I am no expert on tire sizes.. but I would say no smaller than a 245 on a 9" wheel.. again. I come from the mustang crowd and run a 245 on my 8" wheels and most run a 275 on a 9"... I would definately say 215 would be too narrow, and the tire shop will kill for asking them to mount those tires..
good luck.. hope this helps.


----------



## LostBoyScout (Apr 18, 2000)

*Re: Tire stretching...16x9s. 215/40 or 225/40?? (TexAzCustom)*

I'll kick your ass if you do 225s Ben - 215s are the only good choice here!!


----------



## EchoOfGecko (Aug 8, 2000)

*Re: Tire stretching...16x9s. 215/40 or 225/40?? (LostBoyScout)*

quote:[HR][/HR]I'll kick your ass if you do 225s Ben - 215s are the only good choice here!![HR][/HR]​Yea, I know. I would never do 225s, as they would rub like ass, and look it too.


----------



## igneousGOlF (Aug 14, 2001)

*Re: Tire stretching...16x9s. 215/40 or 225/40?? (EchoOfGecko)*

I am planning on running the exact same setup man! that is when I can ever afford wheels, which might be never, but I want to run 45's when I do it.


----------



## TorontoCorrado (Jan 27, 2000)

*Re: Tire stretching...16x9s. 215/40 or 225/40?? (igneousGOlF)*

you can run 215's on the 9" but it won't be recommended by any tire manufacturers.
the minimum is 225
im gona run 215/40/16 for 16x7.5 fronts
and 
225/40/16 for the 16x9 rear wheels
should have hte wheels inthe next week or so. 
As for tires, ive had those for months, A520's
mikey


----------



## vw valance (Apr 24, 2001)

*Re: Tire stretching...16x9s. 215/40 or 225/40?? (TorontoCorrado)*

Rise from the grave!!
I as well don't understand the problem with running 225/40/r16"s on a 16x9" rim??I have two(16x9" et 15) Brock B2's for the rear and I'm having a helluva time understanding the concept.Running a 9" wide rim with a 7" wide tire contact patch doesn't compromise the integrity of the sidewall at all??
[email protected] enlightened me with info that the new BMW,(m3??),and audi A6 come stock with tuv approved stretched tires?



_Modified by vw valance at 4:27 PM 7-2-2003_


----------



## der.gegner (Aug 27, 2002)

*Re: Tire stretching...16x9s. 215/40 or 225/40?? (vw valance)*

haha i wanted was thinking 195's in a 9 then matt talked some sense into me, i think 215 would look PIMP


----------



## phatG60 (Dec 14, 2002)

*Re: Tire stretching...16x9s. 215/40 or 225/40?? (der.gegner)*

ive got 205/40/16 0n my 9x16 borbet b and they fit brilliantly the tyres are federal supersports


----------



## vw valance (Apr 24, 2001)

*Re: Tire stretching...16x9s. 215/40 or 225/40?? (phatG60)*


_Quote, originally posted by *phatG60* »_ive got 205/40/16 0n my 9x16 borbet b and they fit brilliantly the tyres are federal supersports

Even under extreme turning and going hard into corners???


----------



## KarmannSLC (Feb 22, 2001)

*Re: Tire stretching...16x9s. 215/40 or 225/40?? (phatG60)*


_Quote, originally posted by *phatG60* »_ive got 205/40/16 0n my 9x16 borbet b...

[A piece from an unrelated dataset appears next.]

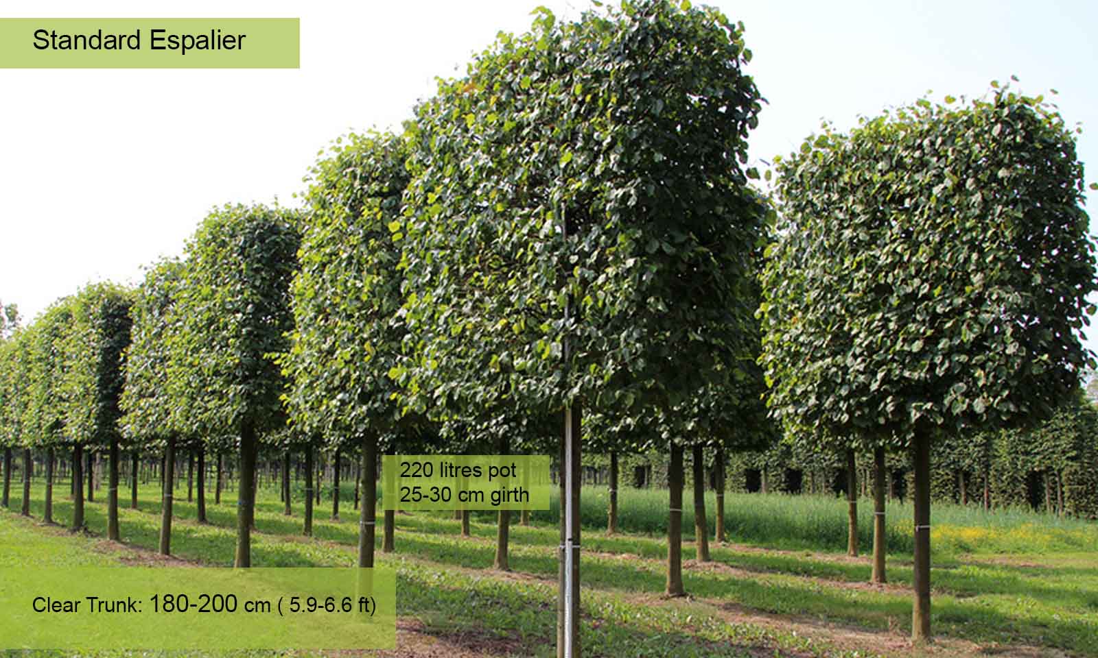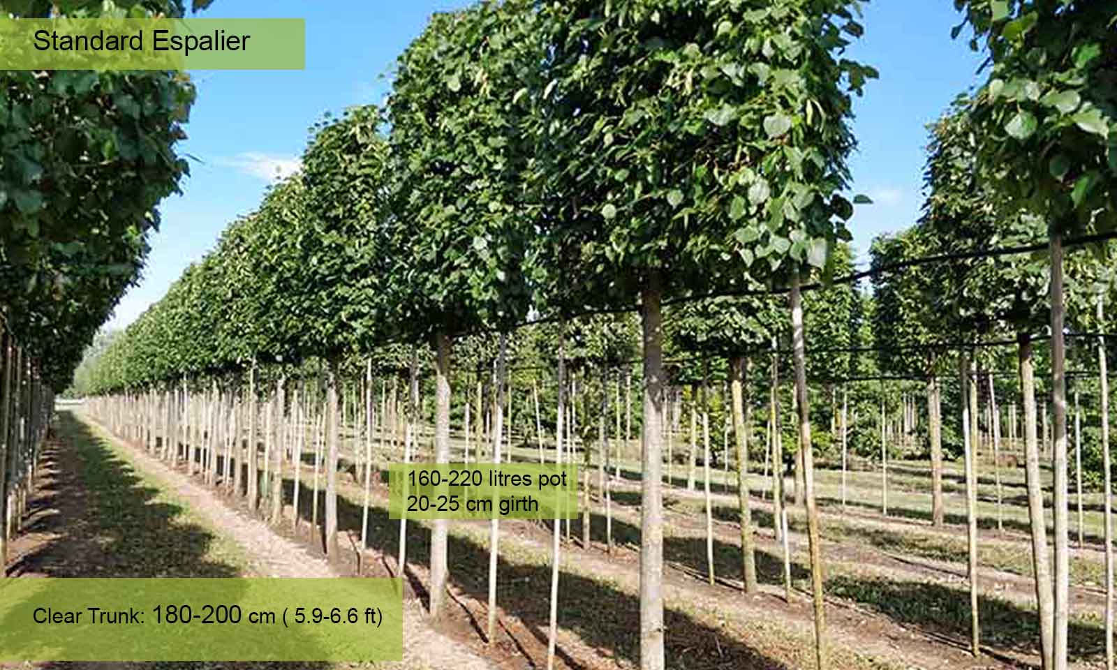 Girth 14-16 cm: 110 litre pot, Trunk – 200 cm (6.6 ft), Trellis – W140 x H120 cm (4.6 x 3.9 ft);

man, I gotta see 205's on 9's!







got any pics?

_Quote, originally posted by *EchoOfGecko* »_So I will be running 16x7.5 and 16x9s. I have pretty much decided on 205/40s for the front, and I thought I had decided on 215/40s for the rear. But lately I have heard conflicting reports on whether or not a 215/40 will work...
Also, what brand of tires are you running. The brand I was looking to get, the Dunlop SP9000, is not available in either a 205 or 215/40-16 size, and the TI-s that I had as a second choice is not available in a 205/40-16 size.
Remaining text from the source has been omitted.